Baker Weighs Flavored Tobacco Ban, $1.5 Billion Ed Overhaul and Distracted Driving Bill

Gov. Charlie Baker. (Jay Saulnier file photograph for WHAV News.)

A ban on flavored tobacco and tax on e-cigarettes, a $1.5 billion public education funding overhaul and a new attempt to crack down on distracted driving are all on Gov. Charlie Baker’s desk as lawmakers wrapped up their formal business of the year yesterday.

His immediate response to all three proposals: no major objections but he wants to read the bills.

Baker has supported parts of each bill or filed his own similar versions, but it remains unclear whether the governor will sign any of the legislation sent to him, return something with a proposed amendment or veto a proposal. In separate public comments Thursday, Baker declined to outline his plans explicitly.

The House and Senate reached a deal after 12 a.m., Thursday on a bill that would prohibit sales of all flavored tobacco and impose a 75 percent excise tax on vaping products. Lawmakers included menthol in the list of banned flavors, which would make Massachusetts the first state in the nation to take mentholated cigarettes off shelves.

Baker declined to say Thursday whether he planned to sign the bill in its current form.

“I haven’t read the legislation yet, but that’s certainly something that’s a front and center issue for us, and I look forward to reviewing it,” Baker told reporters after an unrelated event in Lynn, before adding that he “certainly appreciate(s) the fact that the legislature chose to take a good, hard look at this” during his temporary ban on vaping products, according to a recording provided by his office.

The legislature’s effort to prohibit flavored tobacco comes with Baker’s separate but related ban on sales of all vaping products, sparked by an outbreak of vaping-related lung-illnesses, set to expire on Dec. 24.

When he declared a public health emergency and enacted a vaping ban in September, Baker said the flavored tobacco bill was “one of the things that we would hope would end up being part of the conversation that we would have if we need to pursue legislative answers to this.”

The bill on Baker’s desk also imposes a 75 percent excise tax on e-cigarettes, which currently do not face a tax. In his fiscal year 2020 budget proposal, Baker included a similar tax but at a rate of 20 percent for e-cigarettes and other paraphernalia and at a 40 percent rate for vaping liquids.

Billionaire and former New York City Mayor Michael Bloomberg waded into the debate Thursday, urging Baker via Twitter to sign the bill as soon as possible.

In Lynn, Baker also described the $1.5 billion, seven-year school funding reform package as “an important and sort of front-and-center issue.” As with the other major bills on his reading list, he didn’t say how he would act on it but noted that he filed his own proposal in January and discussed the idea of committing to a substantial, long-term investment.

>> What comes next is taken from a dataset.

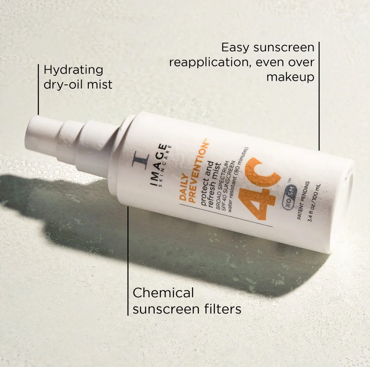 This hydrating dry-oil SPF 40 face mist provides broad-spectrum sun protection while nourishing skin with meadowfoam seed and buriti fruit oils. With a beautiful glow and barely-there feel, it's perfect for sunscreen reapplication over makeup and refreshing UV protection throughout the day. Proprietary, patent-pending XOSM™ Technology enhances the power of antioxidants ectoin, vitamin C and astaxanthin-rich micro-algae to deliver comprehensive nourishment and an added line of defense against premature skin aging.

The legislature’s bill does not appropriate money or call for new revenues.

“I certainly think what this means for us and for the legislature on a go-forward basis, this is going to have to be sort of first-in when we make decisions about what the budget looks like,” Baker said.

As the House and Senate negotiated their school funding bills, a key difference was the amount of authority to give the state education commissioner over the plans districts would be required to submit outlining strategies they would pursue to close achievement gaps. The final bill allows the commissioner to send back and require amendments on plans that do not conform to provisions laid out in the bill.

When asked if he would sign legislation prohibiting drivers from using handheld electronic devices behind the wheel except for those in hands-free mode, Baker pointed to similar language he included in a broader driving safety bill earlier this year. He said he wanted to read the bill before committing, but reaffirmed his support for the underlying proposal.

“This is clearly a top-of-the-pile agenda issue for us,” Baker said.